Published by Awst Press, the stories in Marcelle Heath’s new short story collection Is That All There Is? come in three distinct flavors.
The first of these are the dream-like narratives of stories like “The Bluff,” where a woman named Mattie recalls the ghostly visage of a young girl and her terrier on the edge of a grassy cliff, or “Origin,” where a woman brushes her boss’ daughter’s hair only to find a small owl living it. These stories are unbound by any single time or location, and a single sentence might propel us through an adolescence or a life-long feud with a family member. But while they might seem strange or even confusing at first, they gradually begin to make sense in the context of the larger collection.

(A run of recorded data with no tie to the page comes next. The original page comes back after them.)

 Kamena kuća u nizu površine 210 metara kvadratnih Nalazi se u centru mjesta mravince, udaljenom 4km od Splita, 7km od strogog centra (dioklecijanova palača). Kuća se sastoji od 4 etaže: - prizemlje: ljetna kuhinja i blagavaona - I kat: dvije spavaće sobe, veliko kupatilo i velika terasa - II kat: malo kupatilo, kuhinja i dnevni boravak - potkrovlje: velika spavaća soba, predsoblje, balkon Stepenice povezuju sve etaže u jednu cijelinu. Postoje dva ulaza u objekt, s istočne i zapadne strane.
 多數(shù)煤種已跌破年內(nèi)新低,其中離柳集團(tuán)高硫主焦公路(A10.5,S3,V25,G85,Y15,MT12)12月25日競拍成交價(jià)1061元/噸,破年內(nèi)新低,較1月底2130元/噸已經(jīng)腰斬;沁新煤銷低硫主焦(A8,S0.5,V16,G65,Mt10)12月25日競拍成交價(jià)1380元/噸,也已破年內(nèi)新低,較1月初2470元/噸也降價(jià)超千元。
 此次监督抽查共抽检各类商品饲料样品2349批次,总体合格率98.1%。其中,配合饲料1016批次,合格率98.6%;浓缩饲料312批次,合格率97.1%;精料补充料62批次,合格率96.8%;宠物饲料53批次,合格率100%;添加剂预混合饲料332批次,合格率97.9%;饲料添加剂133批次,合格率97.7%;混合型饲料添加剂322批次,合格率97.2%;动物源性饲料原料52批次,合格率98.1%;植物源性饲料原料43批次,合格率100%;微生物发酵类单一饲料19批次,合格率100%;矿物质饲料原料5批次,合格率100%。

This is where the second type of stories come in. These are longer, much more traditional stories, which introduce many of the characters we will see throughout Heath’s book. They give us the backbone of the larger narrative. Take “Favorite,” for example, which follows the intrigue of two children, Marco and Sam, who are convinced that their brother Henry is the favorite in the family. Set against the backdrop of their sister Sunny and her mysterious illness (Sunny, who will grow up to be the woman from the “Origin” story), it is this second type of story which takes on the bulk of the collection and it is where Heath is able to show off her talents as a writer. The language is evocative yet terse, a single sentence never outstaying its welcome. Where a sentence might have two or three more clauses than the others, they are always followed by a heartstopping bullet of a rejoinder: “Before Sunny was sent away this time, Sam remembered her disappearing for days, their mother smoking in the parlor, tinned sardines and tomato water for supper. Sightings of her like coins dropped in a vending machine.”

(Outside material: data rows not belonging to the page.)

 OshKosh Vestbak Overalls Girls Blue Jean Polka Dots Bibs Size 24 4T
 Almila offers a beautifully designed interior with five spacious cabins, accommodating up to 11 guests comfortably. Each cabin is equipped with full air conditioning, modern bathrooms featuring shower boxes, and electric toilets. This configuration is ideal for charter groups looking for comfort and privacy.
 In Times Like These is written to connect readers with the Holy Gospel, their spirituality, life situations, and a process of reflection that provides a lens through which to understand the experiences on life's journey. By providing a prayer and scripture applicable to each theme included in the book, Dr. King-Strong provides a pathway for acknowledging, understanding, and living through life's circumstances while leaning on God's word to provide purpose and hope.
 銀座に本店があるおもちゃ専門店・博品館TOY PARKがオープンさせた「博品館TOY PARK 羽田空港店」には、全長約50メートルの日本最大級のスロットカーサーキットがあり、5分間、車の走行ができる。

The third type of story is much more difficult to describe. They are like punctures in the reality of the book. These stories—such as “Tallahassee” and “Lake Sammamish”—are never any longer than a few lines, but yet are still able to capture a bursting human emotion or feeling. Take the story, “Mall of America,” for instance, which perfectly articulates the absurdity of tragedy with nothing more than three lines. And while there are of course exceptions to these rules (the story, “The Nine Times Gretchen King Is Mistaken on July 12, 1980,” is written out as though the mistakes of a woman’s life could be boiled down to a shopping list), it speaks to the collection’s strong sense of style that the interconnective nature of the stories doesn’t ever feel disjointed.

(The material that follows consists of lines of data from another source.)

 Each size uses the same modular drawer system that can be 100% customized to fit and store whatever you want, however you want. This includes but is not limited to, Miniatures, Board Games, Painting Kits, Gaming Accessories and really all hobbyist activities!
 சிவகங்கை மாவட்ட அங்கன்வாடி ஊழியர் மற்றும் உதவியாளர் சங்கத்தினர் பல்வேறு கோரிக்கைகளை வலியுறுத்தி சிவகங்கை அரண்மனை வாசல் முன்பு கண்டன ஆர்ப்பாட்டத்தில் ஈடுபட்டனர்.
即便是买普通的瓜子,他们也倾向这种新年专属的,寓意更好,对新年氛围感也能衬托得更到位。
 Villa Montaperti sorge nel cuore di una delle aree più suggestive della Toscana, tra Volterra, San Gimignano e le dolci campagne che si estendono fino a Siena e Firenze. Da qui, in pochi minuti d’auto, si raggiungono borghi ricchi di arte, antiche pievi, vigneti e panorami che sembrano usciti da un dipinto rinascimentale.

This is accomplished in large part due to Heath’s heroines. Heath’s women are the centerpiece of the collection and also work as its connective tissue. While the collection will chronicle generations of differing families, no one story is given overarching importance. This is why the book remains a short story collection as opposed to a novel. But it is driven by these characters. Like Phyllis Bryce, the mother to Sonny, Henry and Macro, or Mary Jane, a portrait artist who flees to the South of America. Often we are introduced to these women at their lowest point; when their memory or sanity is failing them or when their marriages have just fallen apart. We are dropped, helplessly, into their POV and forced to understand them so that we can understand what is happening. (Indeed, the only time the book ever really fell flat for me was when characters were not quite striking enough in their initial story to be easily memorable when they reappear later). Many of these stories include adultery, cheating and even incest as chilling motives for the disasters behind these women’s lives, but Heath never paints her characters as victims.
In fact, what really marks the collection as a whole is this feeling of beauty and elegance amongst both the day-to-day and the tragic. The shorter stories do this with short, sharp gut punches. Desperate cries to be heard breaking out of whatever time or space had captured them to begin with. But the longer stories will do it by taking you by surprise. Such as the revelation in “Mr. Putnam’s Sitting,” where Mary Jane reveals the struggles she has had with getting pregnant in two brief lines: One was lost. And another. But then, one cold night Mary Jane felt a bolting, fine-grained as ash, and nine months later Theo was born. Or in the touching “Nightswimming,” which chronicles a woman called Linda who has to maneuver the politics of her boss having an affair while also looking after her children, but which interrupts a trip to get ice cream to perfectly sum up the feeling of being more naked in your clothes than out of them.
It is overall a remarkable debut that is able to flick between characters, emotions and lifetimes without breaking a sweat. One where a single life is never unimportant no matter how it might appear from the outside.